Now that we have insight into our strengths against weak opponents, let’s see what factors cost us matches at home against these type of opponents. We generate rules to see which items on the left hand side co-occur together to give us losses which comes up on the right hand side of the rule.
Analyzing home games against ‘weak_opponents’ for lose
## lhs rhs support confidence lift count
## [1] {Dortmund_Lots_Shooting,
## home,
## Opponent_Normal_Shooting,
## Opponent_Organised_Positioning,
## weak_opponent} => {lose} 0.03431373 0.2000000 1.0461538 7
## [2] {Dortmund_Lots_Shooting,
## home,
## Opponent_Normal_Passing,
## weak_opponent} => {lose} 0.03431373 0.1842105 0.9635628 7
## [3] {Dortmund_Lots_Shooting,
## home,
## Opponent_Organised_Positioning,
## weak_opponent} => {lose} 0.03431373 0.1842105 0.9635628 7
It is evident from the sample size of 19 matches for loses over 6 seasons at home that Dortmund performs really well against weak teams. They should capitalize on maximizing this home advantage to convert these losses into wins to get those extra points and climb up in the league standings.

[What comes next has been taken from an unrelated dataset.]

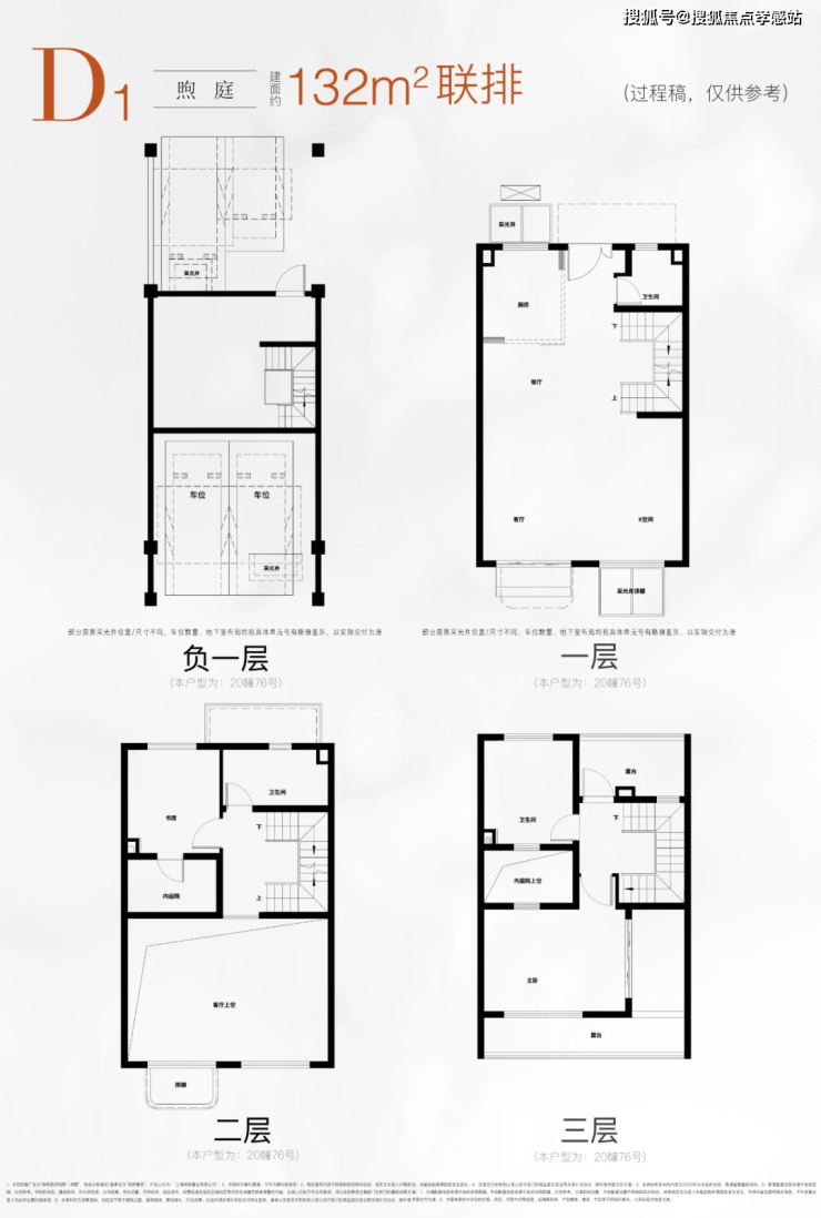 建面约132㎡的D1户型(联排)。乍一看,这是一个地下一层,地上三层的标准联排户型,从户型图上只能看到两个卧室。但仔细看的话,会发现许多令人惊喜的亮点~

The rule with the most lift informs us that when the opponents’ chance creation positioning class is organized and the chance creation passing class is normal, Dortmund tends to play with a lot of crosses. This could mean that Dortmund creates opportunities by taking a lot of shots but they do not get converted to goals. The accuracy of shots might not be good and ensuring conversion shots to goals is essential to avoid losses.

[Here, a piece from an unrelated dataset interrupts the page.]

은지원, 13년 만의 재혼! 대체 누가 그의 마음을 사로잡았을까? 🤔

We move our attention to the ties games at home.
Analyzing home games against weak_opponents
for tie
## lhs rhs support confidence lift count
## [1] {Dortmund_Free Form_Positioning,
## home,
## Opponent_Organised_Positioning,
## weak_opponent} => {tie} 0.03921569 0.1666667 0.8717949 8
## [2] {home,
## Opponent_Organised_Positioning,
## weak_opponent} => {tie} 0.05882353 0.1643836 0.8598525 12
## [3] {Dortmund_Risky_Passing,
## home,
## Opponent_Organised_Positioning,
## weak_opponent} => {tie} 0.03921569 0.1632653 0.8540031 8
Since the lift is not very high for any of these rules, we do not have any conclusive evidence. So we cannot tell what exactly contributed to the losses for the tied games.
Analyzing away games against ‘weak_opponents’
So far, we have looked at matches played at home with weaker opposition. We need to analyze how Dortmund fares in away matches.
We can see that right now our winning rate is 0.55. We want to have every rule that has a winning rate over 0.55.
## lhs rhs support confidence lift count
## [1] {away,
## Dortmund_Normal_Passing,
## Dortmund_Normal_Shooting,
## Dortmund_Organised_Positioning,
## Opponent_Normal_Shooting,
## weak_opponent} => {win} 0.03921569 0.7272727 1.177489 8
## [2] {away,
## Dortmund_Normal_Passing,
## Dortmund_Organised_Positioning,
## Opponent_Normal_Passing,
## Opponent_Normal_Shooting,
## weak_opponent} => {win} 0.03921569 0.7272727 1.177489 8
## [3] {away,
## Dortmund_Normal_Passing,
## Dortmund_Organised_Positioning,
## Opponent_Normal_Shooting,
## Opponent_Organised_Positioning,
## weak_opponent} => {win} 0.03921569 0.7272727 1.177489 8
Interpretation
We can inspect the top three rules we generate here. We can see a huge increase in winning rate for the first two rules. The winning rate increases from 0.55 to 0.78. Effectively, if Dortmund’s opposition plays plays with an organized ball positioning, Dortmund’s best chances of winning are when they play with risky passes where they throw the long balls and ensure quick short passes in tight spaces.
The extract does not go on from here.